● **Your instructions**
What the answer must hold is the line containing "Orangen-Schokotarte mit Trockenfruchtkompott" and all lines after it through the end of the listing, copied exactly, with pictures left out.

● **Input data**
• • •

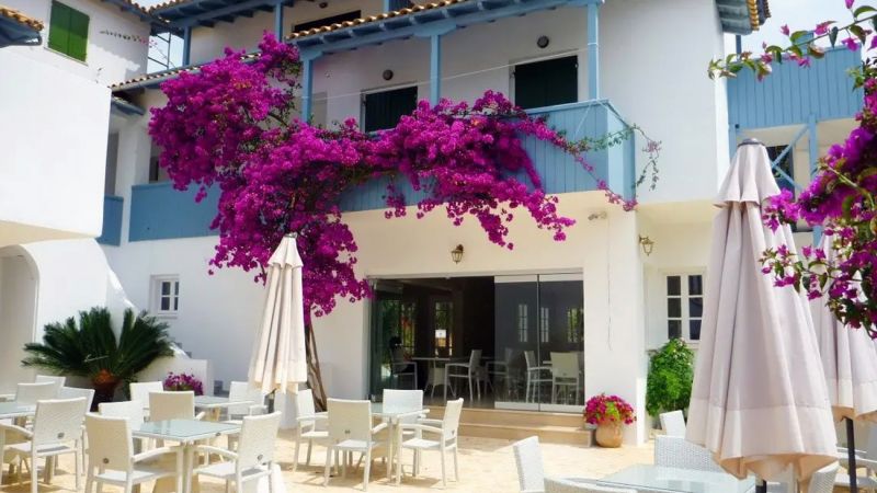 - Hotel se nachází přímo u pláže Perastikos, která je oceněna symbolem Modré vlajky.
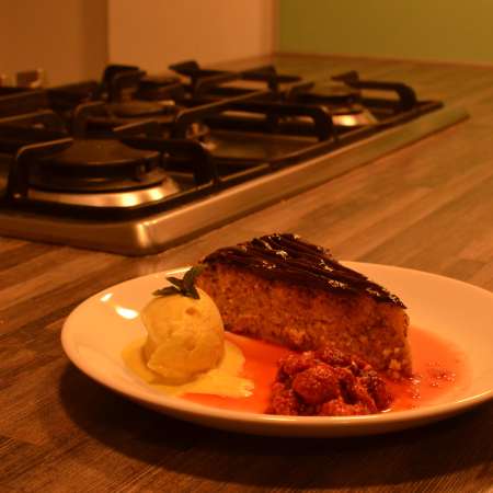 Orangen-Schokotarte mit Trockenfruchtkompott
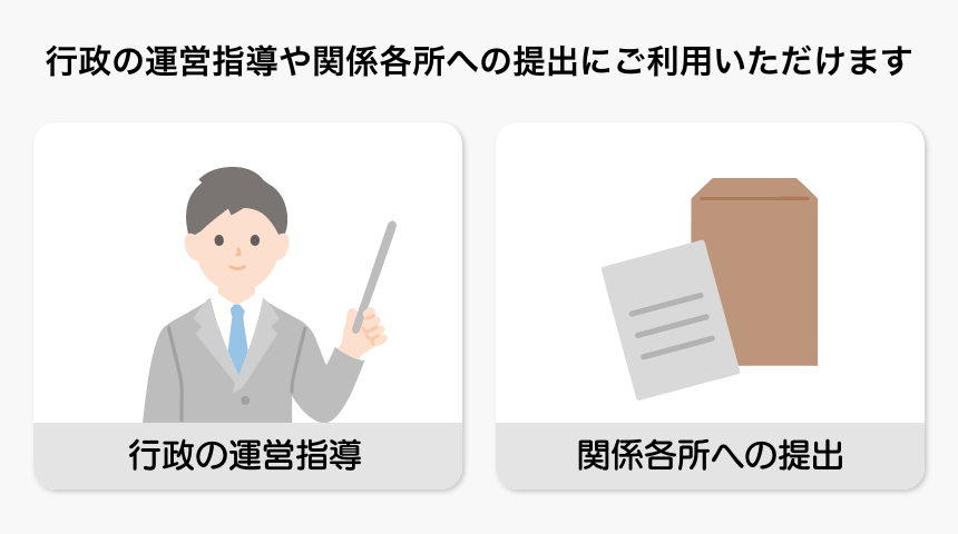 行政の運営指導の際や、関係各所への提出の際などにご利用いただけます。
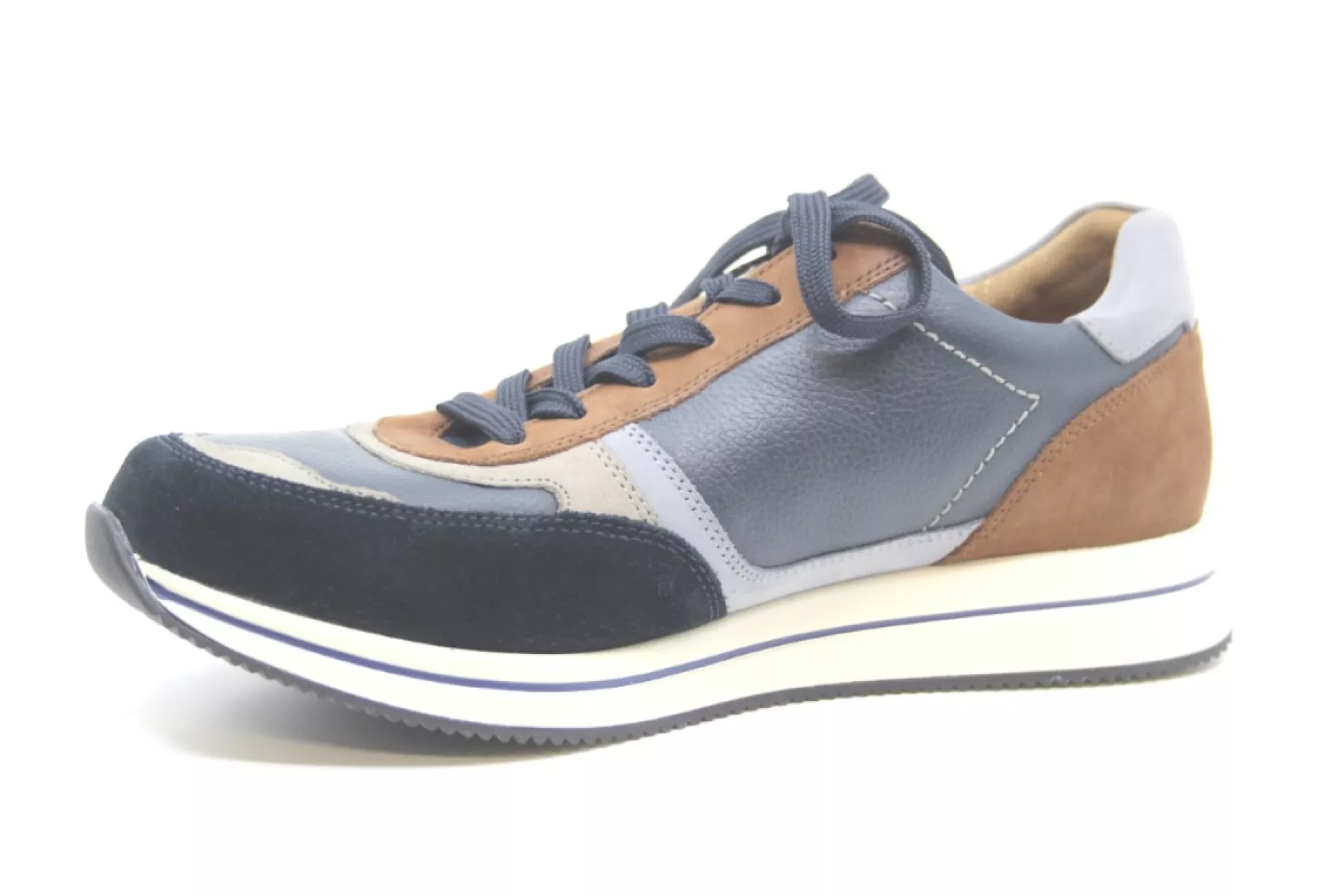 Mephisto Gilford is een comfortabele vlotte blauw combi kleurige sneaker met een uitneembaar voetbed.

• • •

● **Solved problem**
 Orangen-Schokotarte mit Trockenfruchtkompott
 行政の運営指導の際や、関係各所への提出の際などにご利用いただけます。
 Mephisto Gilford is een comfortabele vlotte blauw combi kleurige sneaker met een uitneembaar voetbed.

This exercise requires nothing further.